*WORK ORDER*:
Begin at the line containing "La Vierge de" in the records below, end at the line containing "RPGMemes @ttrpg.network•Because I", and retype each line in that span exactly. No other line and no image should appear.

*DATA TO EXAMINE*:
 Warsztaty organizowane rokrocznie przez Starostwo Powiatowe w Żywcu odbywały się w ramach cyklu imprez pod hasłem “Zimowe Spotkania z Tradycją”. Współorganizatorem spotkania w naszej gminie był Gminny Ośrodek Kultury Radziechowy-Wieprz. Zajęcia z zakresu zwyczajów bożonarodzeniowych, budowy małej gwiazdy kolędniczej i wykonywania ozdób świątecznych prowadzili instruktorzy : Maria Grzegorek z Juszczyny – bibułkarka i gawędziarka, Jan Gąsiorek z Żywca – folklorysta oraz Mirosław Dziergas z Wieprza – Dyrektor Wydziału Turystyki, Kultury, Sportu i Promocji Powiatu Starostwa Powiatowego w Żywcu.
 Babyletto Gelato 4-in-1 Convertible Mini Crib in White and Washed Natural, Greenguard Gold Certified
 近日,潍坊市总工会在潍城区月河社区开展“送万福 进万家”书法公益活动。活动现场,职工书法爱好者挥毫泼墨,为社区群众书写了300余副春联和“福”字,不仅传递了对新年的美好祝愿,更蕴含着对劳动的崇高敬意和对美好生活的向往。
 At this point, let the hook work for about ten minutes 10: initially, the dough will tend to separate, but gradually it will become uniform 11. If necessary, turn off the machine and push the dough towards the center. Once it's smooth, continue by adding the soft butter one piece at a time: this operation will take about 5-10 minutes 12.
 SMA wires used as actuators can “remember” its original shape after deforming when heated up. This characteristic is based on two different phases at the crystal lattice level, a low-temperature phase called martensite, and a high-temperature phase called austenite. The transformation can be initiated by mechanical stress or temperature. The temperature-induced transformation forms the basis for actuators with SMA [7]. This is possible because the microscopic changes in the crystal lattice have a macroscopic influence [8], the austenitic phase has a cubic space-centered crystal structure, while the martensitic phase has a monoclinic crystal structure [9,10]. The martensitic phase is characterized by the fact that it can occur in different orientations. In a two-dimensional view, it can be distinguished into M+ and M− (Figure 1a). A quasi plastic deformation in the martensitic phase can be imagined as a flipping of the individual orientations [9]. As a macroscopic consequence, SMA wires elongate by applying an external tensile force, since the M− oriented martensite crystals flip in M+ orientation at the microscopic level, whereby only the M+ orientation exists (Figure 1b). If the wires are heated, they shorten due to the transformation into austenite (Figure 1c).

==

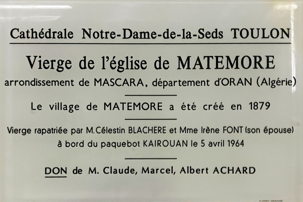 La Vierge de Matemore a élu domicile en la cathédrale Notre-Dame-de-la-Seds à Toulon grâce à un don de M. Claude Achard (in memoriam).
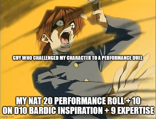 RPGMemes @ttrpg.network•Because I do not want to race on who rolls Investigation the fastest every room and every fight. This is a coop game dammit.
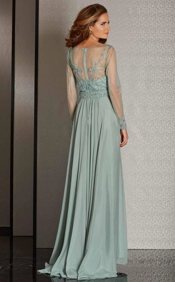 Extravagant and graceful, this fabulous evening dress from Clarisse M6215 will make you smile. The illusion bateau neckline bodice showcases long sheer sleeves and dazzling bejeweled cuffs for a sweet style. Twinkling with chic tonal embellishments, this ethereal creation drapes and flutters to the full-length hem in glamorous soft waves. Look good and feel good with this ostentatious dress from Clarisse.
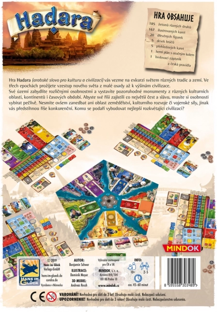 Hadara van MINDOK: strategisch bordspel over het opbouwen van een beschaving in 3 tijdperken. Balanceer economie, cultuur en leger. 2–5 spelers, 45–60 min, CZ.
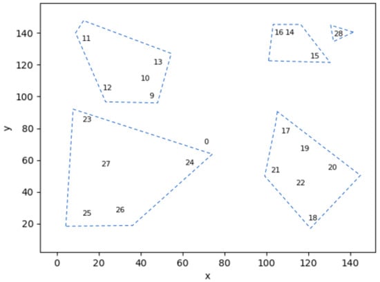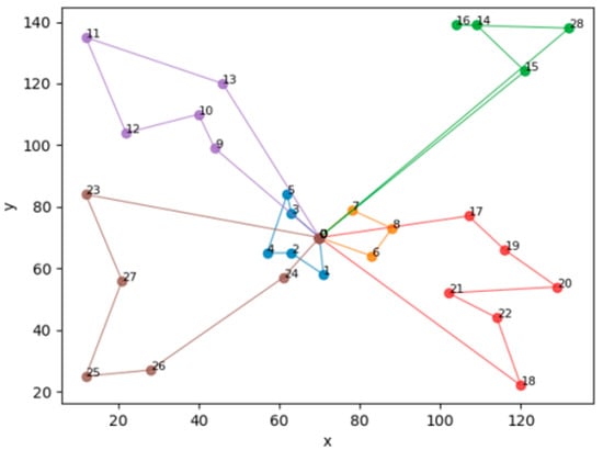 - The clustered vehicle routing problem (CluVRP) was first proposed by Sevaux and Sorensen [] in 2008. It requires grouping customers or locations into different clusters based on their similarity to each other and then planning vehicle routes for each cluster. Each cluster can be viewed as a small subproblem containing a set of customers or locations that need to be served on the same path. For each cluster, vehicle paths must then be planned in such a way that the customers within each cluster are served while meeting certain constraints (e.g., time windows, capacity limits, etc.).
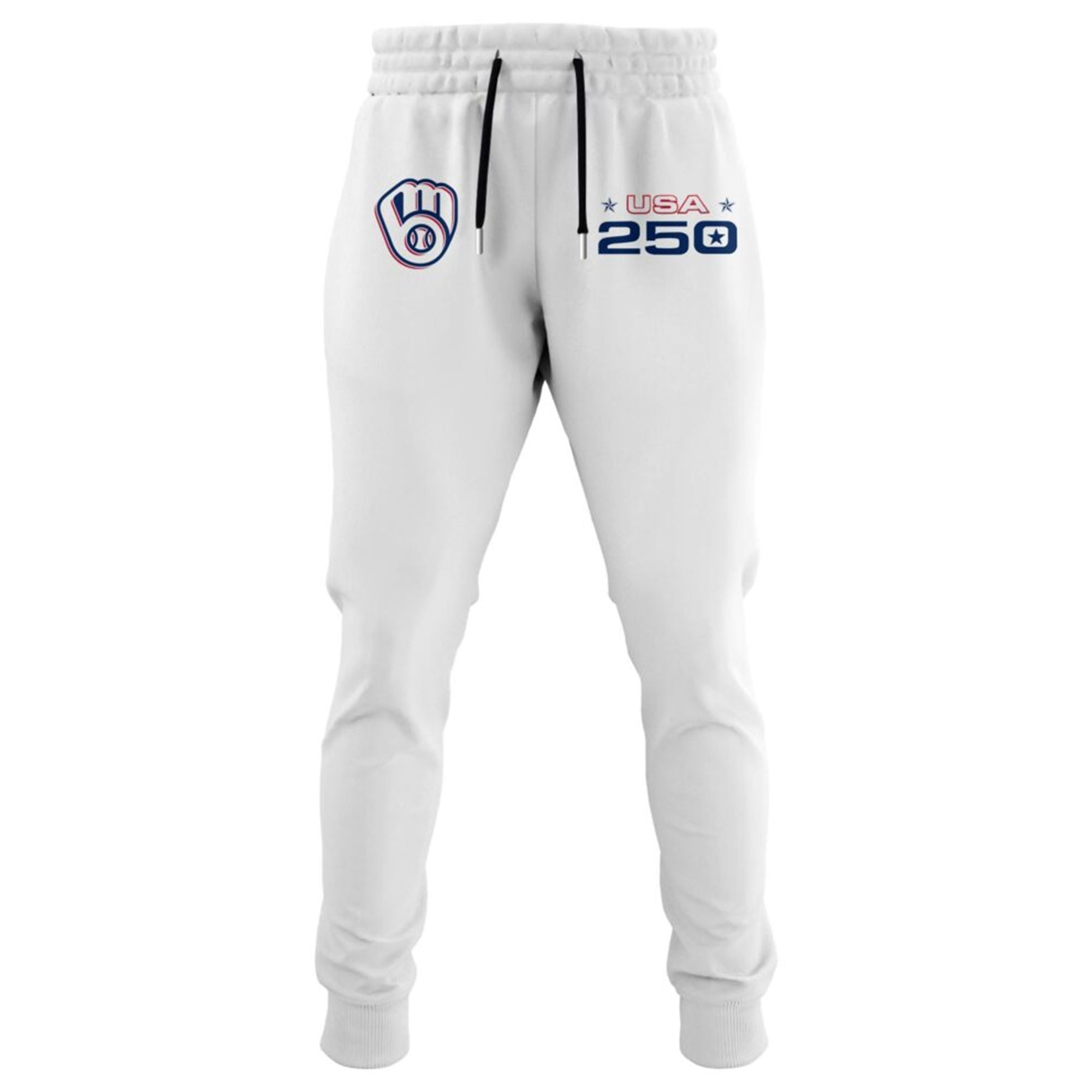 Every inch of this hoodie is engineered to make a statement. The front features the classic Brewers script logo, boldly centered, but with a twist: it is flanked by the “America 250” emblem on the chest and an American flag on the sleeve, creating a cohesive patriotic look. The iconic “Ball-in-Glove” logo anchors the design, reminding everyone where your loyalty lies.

*SOLUTION*:
 La Vierge de Matemore a élu domicile en la cathédrale Notre-Dame-de-la-Seds à Toulon grâce à un don de M. Claude Achard (in memoriam).
 RPGMemes @ttrpg.network•Because I do not want to race on who rolls Investigation the fastest every room and every fight. This is a coop game dammit.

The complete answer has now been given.